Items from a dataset
========
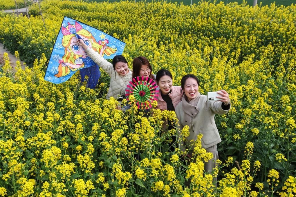 3月26日,河南省焦作市博爱县金城乡韩庄村,游客在油菜花旁拍照打卡。新华社发(程全摄)
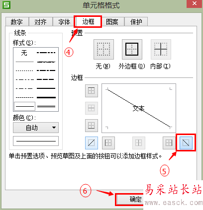 3、在單元格界面里,選擇邊框設置,點擊有斜線標志的表格,然后確定,斜線在單元格中制作出來了。
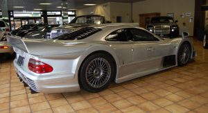 It was nominally styled to resemble the road-going CLK coupe, but was closer in execution to a Le Mans Prototype. In the middle of its lightweight chassis sat a naturally aspirated 6.9-liter V12, sending 604 horsepower and 572 lb-ft of torque to the rear wheels through a six-speed sequential gearbox. That was enough to send it rocketing to 62 in 3.8 seconds and on to a top speed quoted at 214 miles per hour – blindingly fast, especially by late-’90s standards.
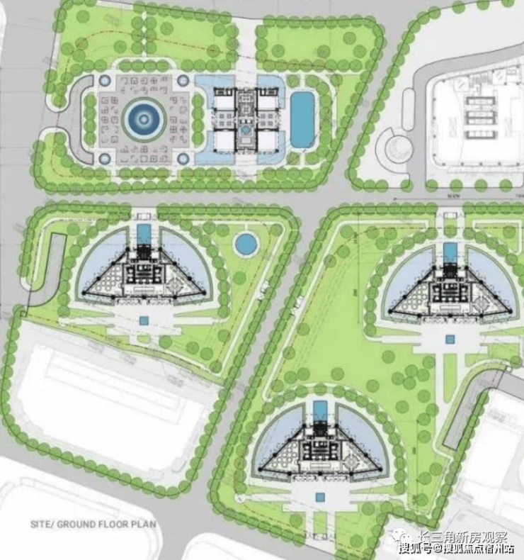从建筑的外部来看,整个建筑在设计上采用了底层超高架空,第①层的大堂被水系景观包围。
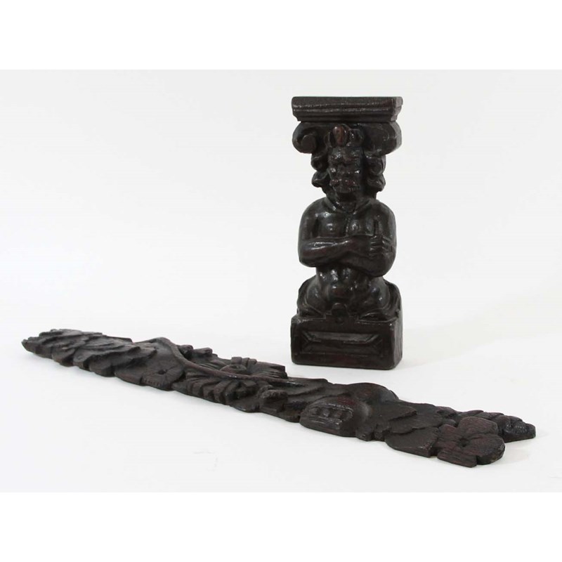 CARVED OAK FIGURAL TERM 17th century, length 24cm; together with another carved oak panel, length 51cm (2)
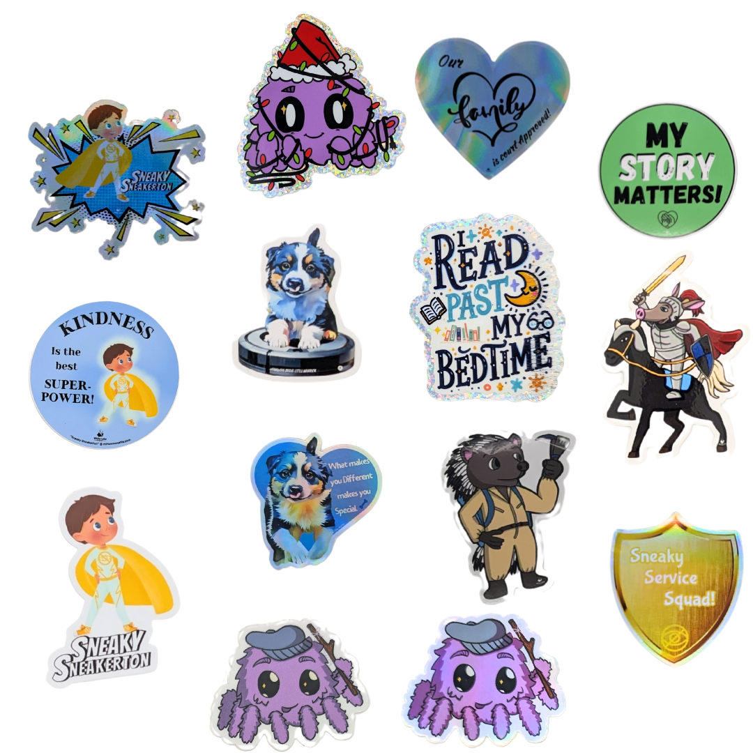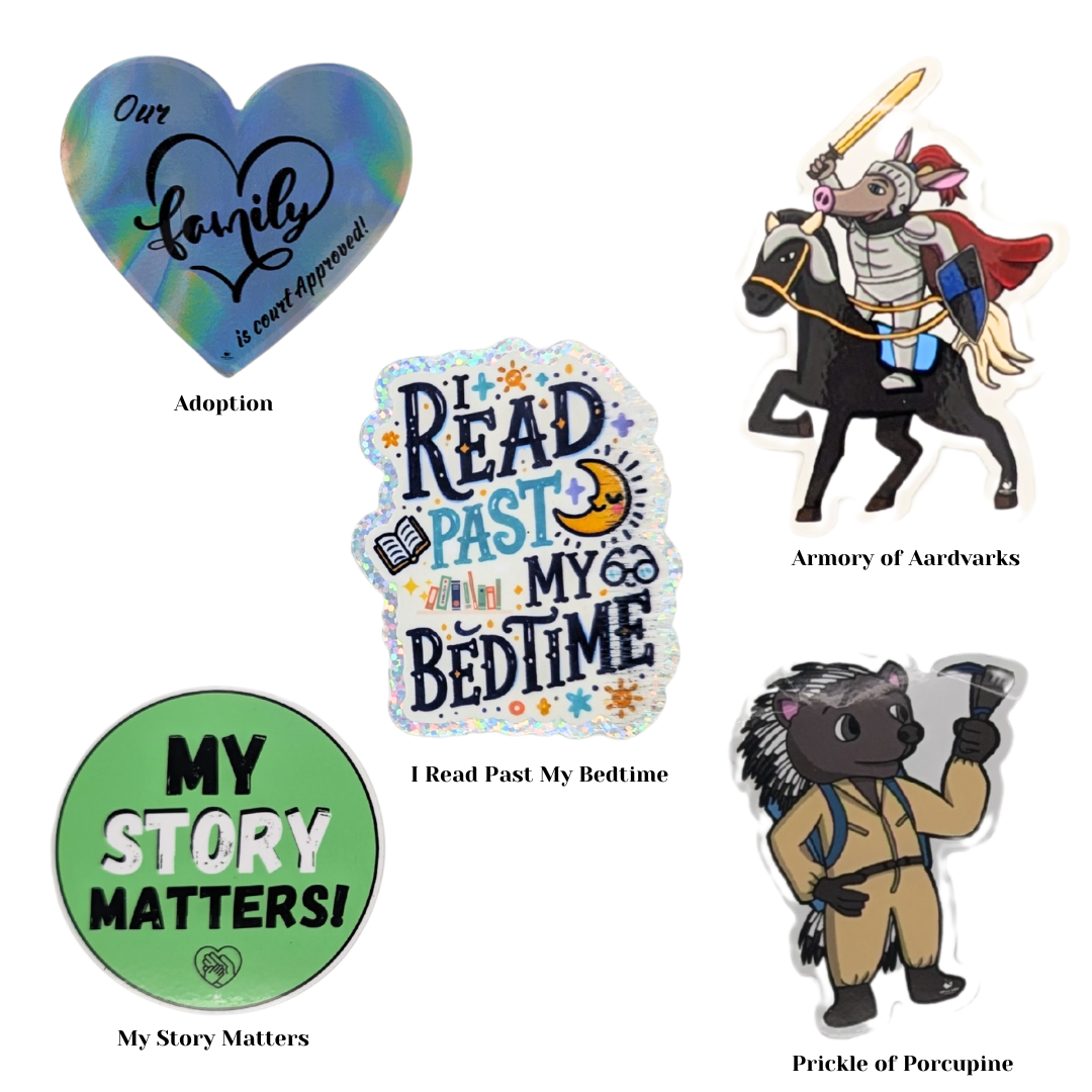 Take your literacy event to the next level with our branded high quality vinyl stickers. Perfect for stocking or easter egg stuffers, and suitable for water bottles, laptops, etc.
========
=== Your assignment ===
Give back exactly the lines from the top of the records to the line containing "It was nominally", both included, and no pictures.

=== Solution to this exercise ===
 3月26日,河南省焦作市博爱县金城乡韩庄村,游客在油菜花旁拍照打卡。新华社发(程全摄)
 3、在單元格界面里,選擇邊框設置,點擊有斜線標志的表格,然后確定,斜線在單元格中制作出來了。
 It was nominally styled to resemble the road-going CLK coupe, but was closer in execution to a Le Mans Prototype. In the middle of its lightweight chassis sat a naturally aspirated 6.9-liter V12, sending 604 horsepower and 572 lb-ft of torque to the rear wheels through a six-speed sequential gearbox. That was enough to send it rocketing to 62 in 3.8 seconds and on to a top speed quoted at 214 miles per hour – blindingly fast, especially by late-’90s standards.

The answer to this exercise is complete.